## EXERCISE BRIEF
Reproduce the listing below word for word and exclude any picture.

## DATA BELOW
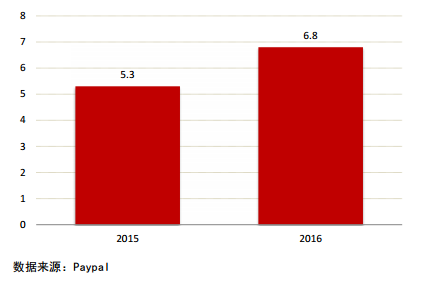2016 年南非跨境电商进口零售额约为 6.8 亿美元,比2015 年增长 27.5%,预计 2017 年将超过 9 亿美元。
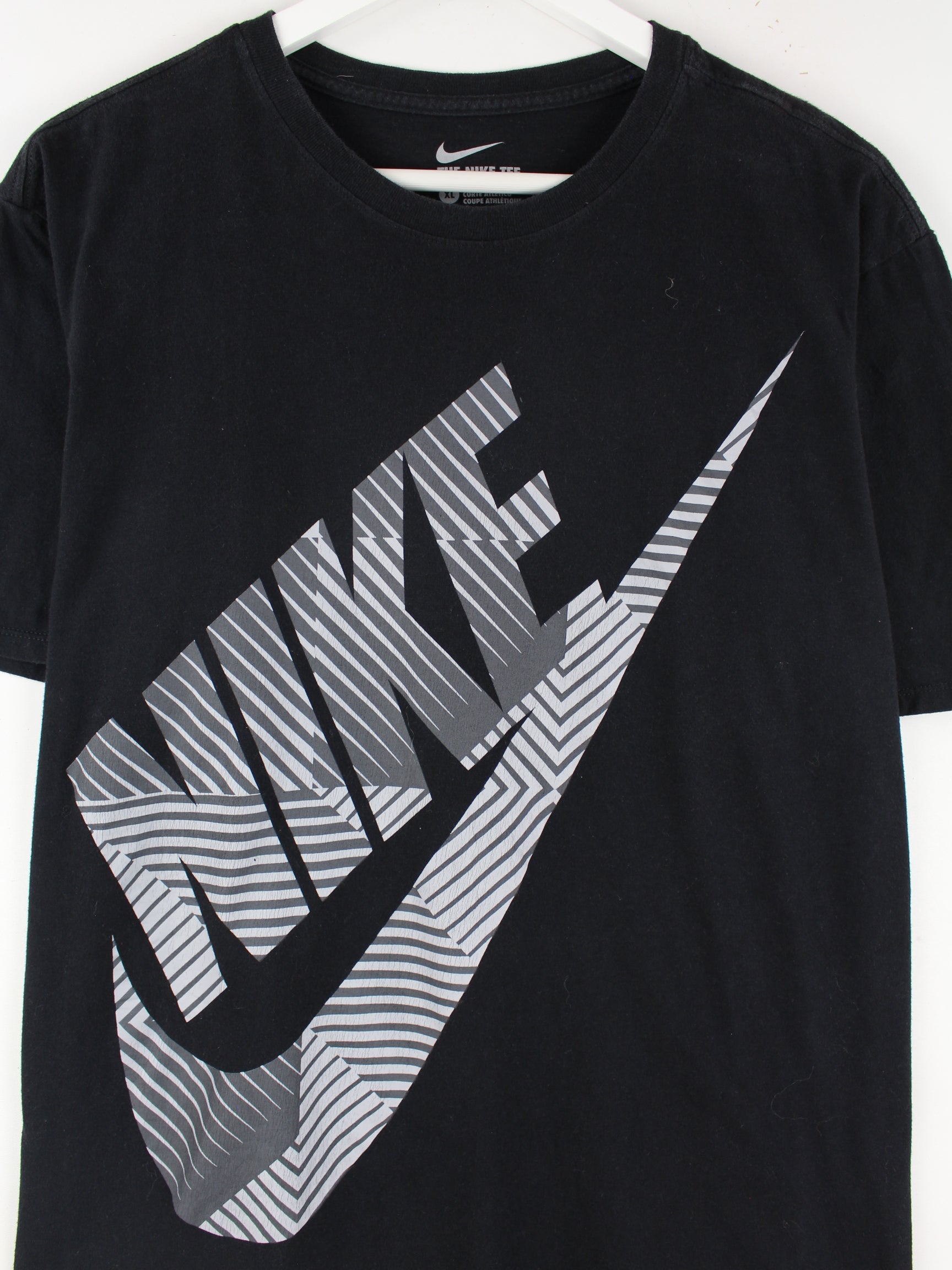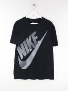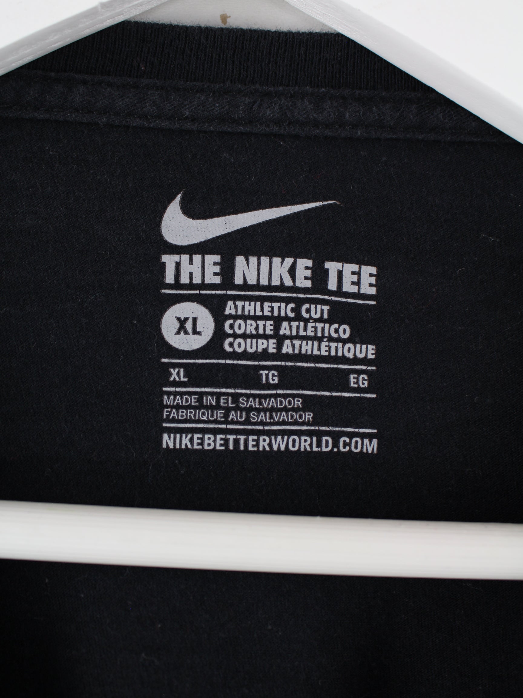 Schwarzes T-Shirt von Nike in Größe XL. Es ist aus Baumwolle gefertigt und in gutem Zustand bei uns zu bekommen. Mit schickem Print.
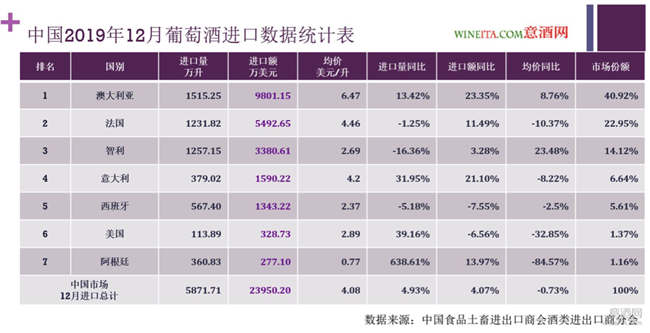讓意酒網(wǎng)對(duì)阿根廷引起關(guān)注的原因,是下圖這張2019年12月葡萄酒進(jìn)口數(shù)據(jù)統(tǒng)計(jì)表,排在第七位的阿根廷,進(jìn)口量同比暴增638.61%,進(jìn)口額卻只增長(zhǎng)了13.97%,進(jìn)口均價(jià)只有0.77美元/升,下滑幅度達(dá)到84.57%。當(dāng)然,排在第四位的意大利,在2019年12月也出現(xiàn)了進(jìn)口量同比增長(zhǎng)31.95%,和進(jìn)口額同比增長(zhǎng)21.1%的優(yōu)異增長(zhǎng)。
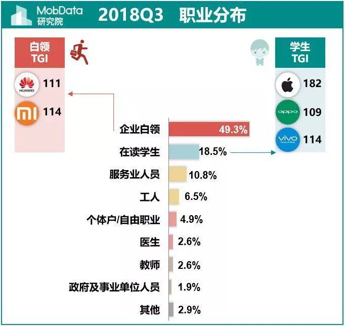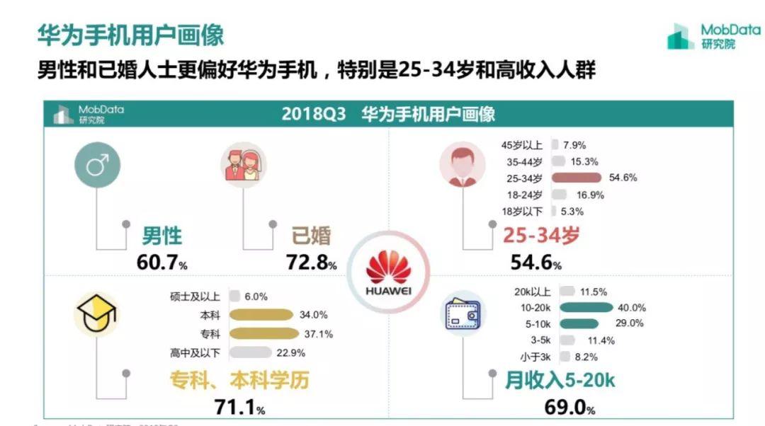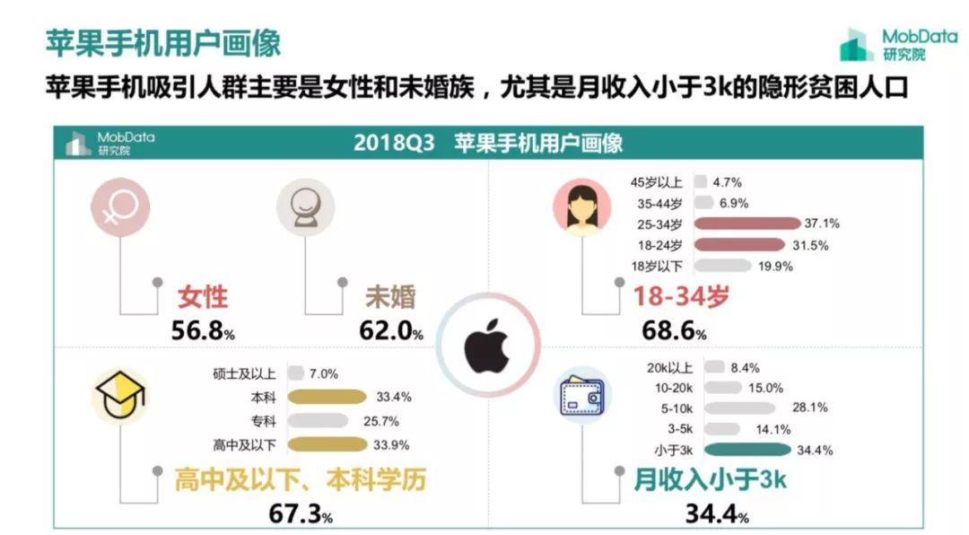 前不久MobData發(fā)布了其2018年第三季度智能手機(jī)調(diào)研數(shù)據(jù),其中對(duì)蘋果及四大國(guó)產(chǎn)手機(jī)廠商華米OV的用戶畫像又引發(fā)關(guān)注,也被很多媒體引用。不少轉(zhuǎn)載的媒體、自媒體更突出宣傳“窮人用蘋果,富人用華為”,用MobData自己的話來說就是:蘋果手機(jī)吸引人群主要是女性和未婚族,尤其是月收入少于3K的隱形貧困人口;華為和已婚人士更偏好華為手機(jī),特別是25-34歲和高收入人群。

## TASK ANSWER
2016 年南非跨境电商进口零售额约为 6.8 亿美元,比2015 年增长 27.5%,预计 2017 年将超过 9 亿美元。
 Schwarzes T-Shirt von Nike in Größe XL. Es ist aus Baumwolle gefertigt und in gutem Zustand bei uns zu bekommen. Mit schickem Print.
讓意酒網(wǎng)對(duì)阿根廷引起關(guān)注的原因,是下圖這張2019年12月葡萄酒進(jìn)口數(shù)據(jù)統(tǒng)計(jì)表,排在第七位的阿根廷,進(jìn)口量同比暴增638.61%,進(jìn)口額卻只增長(zhǎng)了13.97%,進(jìn)口均價(jià)只有0.77美元/升,下滑幅度達(dá)到84.57%。當(dāng)然,排在第四位的意大利,在2019年12月也出現(xiàn)了進(jìn)口量同比增長(zhǎng)31.95%,和進(jìn)口額同比增長(zhǎng)21.1%的優(yōu)異增長(zhǎng)。
 前不久MobData發(fā)布了其2018年第三季度智能手機(jī)調(diào)研數(shù)據(jù),其中對(duì)蘋果及四大國(guó)產(chǎn)手機(jī)廠商華米OV的用戶畫像又引發(fā)關(guān)注,也被很多媒體引用。不少轉(zhuǎn)載的媒體、自媒體更突出宣傳“窮人用蘋果,富人用華為”,用MobData自己的話來說就是:蘋果手機(jī)吸引人群主要是女性和未婚族,尤其是月收入少于3K的隱形貧困人口;華為和已婚人士更偏好華為手機(jī),特別是25-34歲和高收入人群。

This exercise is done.